Abraxas will begin attempting to connect to the servers its started with
immediately.  If a connection drops, it will attempt to reconnect
automatically.  Connections back off following the fibonacci sequence with a
maximum delay of 10 seconds between retries and a randomization factor of
15%.

Details on how each command handles multiple server connections is detailed
in the command's documentation.  Generally however, worker related commands
go to ALL available servers and all future servers.  As such, worker related
commands return immediately.  By contrast, client related commands go to ANY
ONE server and if no server is available they'll wait for a connection to be
established.

* **Streaming Mode**

  The Abraxas server supports "streaming" mode which modifies the semantics to
  support streaming clients.  (See the included [SEMANTICS](SEMANTICS.md)
  document.)

  Specifically, when the worker is in streaming mode:
  
  * If it disconnects in the middle of a job, the server will send a
    WORK_FAIL response instead of requeing the job.

  * Writes are not buffered and are immediately sent with WORK_DATA packets.
    (Ordinarily writes are buffered and only sent when the worker ends with
    a WORK_COMPLETE packet.)

  When the client is in streaming mode:

  * Submitting uniqueid foreground jobs is an error and your job will
    immediately fail without being submitted.

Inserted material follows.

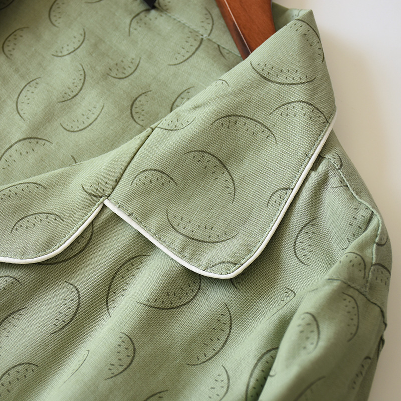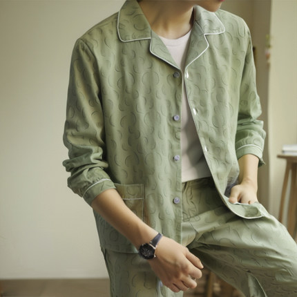 男士纯棉双层纱布薄款睡衣 翻领长袖长裤夏季家居服套装
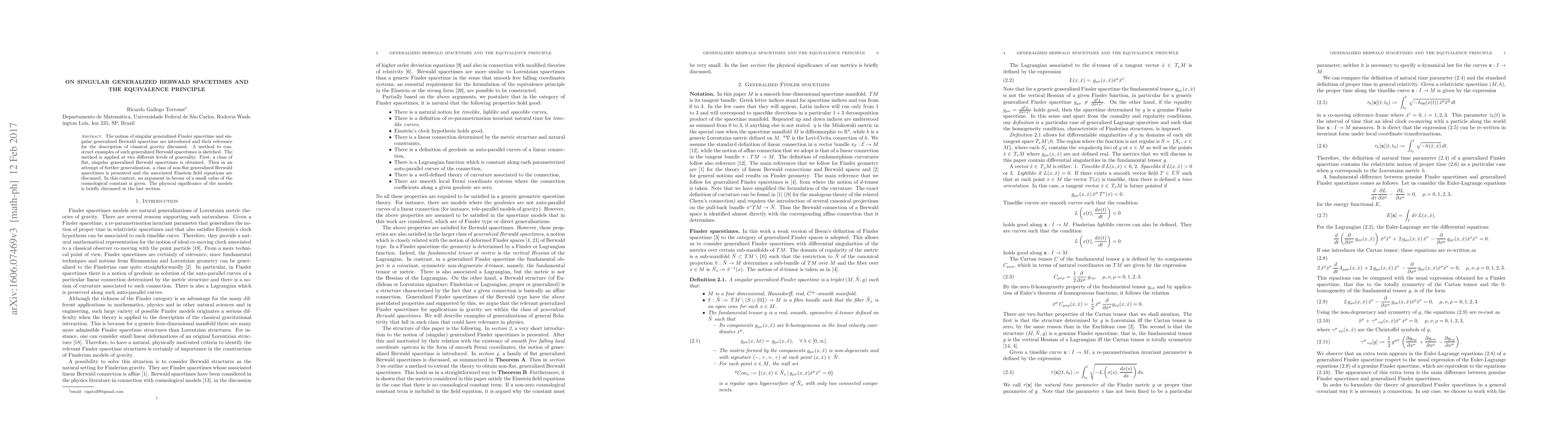This paper introduces singular generalized Berwald spacetimes and discusses their relevance for classical gravity. The authors propose methods to construct both flat and non-flat examples, analyze their Einstein field equations, and argue for a small cosmological constant, concluding with a brief discussion on the physical significance.

* **client.on('connect', function(client) { ... })**

  Called after a connection is established. NOTE: This can and will be
  called more than once.

* **client.on('disconnect', function(client) { ... })**

  Called after the connection drops for any reason.

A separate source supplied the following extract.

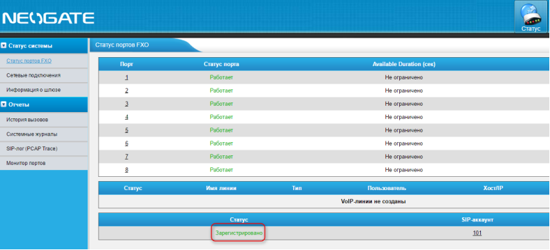 После сохранения и применения указанных настроек, вы можете проверить регистрацию SIP-аккаунта в разделе "Статус" шлюза Yeastar TA410

* **client.on('connection-error', function(error,client) { ... })**

  Called any time there's an error in one of the connections. This is not
  fatal and connections will be automatically reestablished.

* **client.disconnect()**

  Disconnects the client after flushing the current buffer.

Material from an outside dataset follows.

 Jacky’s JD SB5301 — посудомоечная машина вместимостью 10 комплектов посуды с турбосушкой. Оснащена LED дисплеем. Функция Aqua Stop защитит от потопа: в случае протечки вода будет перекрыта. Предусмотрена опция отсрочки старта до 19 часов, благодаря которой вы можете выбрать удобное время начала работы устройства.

* **var task = client.echo([options][,data][,callback])**

  Sends **data** to the server which the server then sends back. This is
  useful as a "ping" type utility to verify that the connection is still
  live and the server responding.

  **options** (optional) is an object with properties of:

  * *encoding* (default: client.options.defaultEncoding) -- This is the
    stream encoding to use for the **data** and the response.
  * *accept* -- This is the options to pass to the response stream constructor.
  * *transmit* -- This is the options to pass to the payload stream constructor.

  **data** (optional) is a buffer or string to get echoed back to you by the
  server.  If data is passed in then the task cannot be written to.

  **callback** (optional) is a *function (err, data)* that will be called
  with the result from the server.  If the callback is passed in then the
  task cannot be read from.

* **var task = client.getStatus(jobid[,callback])**

  Fetches the status of a running job. This task is read only-- if you read
  from it as a stream, it will emit the status object.  This runs against
  all connected servers.

  **callback** (optional) is a *function (err, status)* that will be called
  with the result from the server; see details on the **status** object
  below.  If the callback is passed in then the task cannot be read from.

  The **status** object has the following properties:

  * *known* Number of servers that know about the job, typically 1 or 0.
  * *running* Number of servers that are running the job, typically 1 or 0.
  * *complete* Percent job completion, if the job has been updating its status.

* **client.setClientId(id)**

  Sets the id for this connection to the arbitrary string you provide. This
  is returned by the workers command.

### Tasks

Client API calls return Task objects and Workers are passed Tasks when new
work is acquired.  Tasks are duplex streams.  Tasks also proxy to bluebird
Promises.

With client Tasks, data written to the stream is sent as the payload of the
job.  When reading from a stream, the result from the worker is read.

With worker Tasks, this is reversed-- data read from the stream is the
payload, data written to the stream is the result.

Tasks have a `jobid` property. On client Tasks this won't be set until the
`created` event is emitted.

When a task is the result of submitting a job, it will emit a `created`
event when we've been notified that the server has accepted the job.

Exceptions / failures from the worker will be emitted as `error` events.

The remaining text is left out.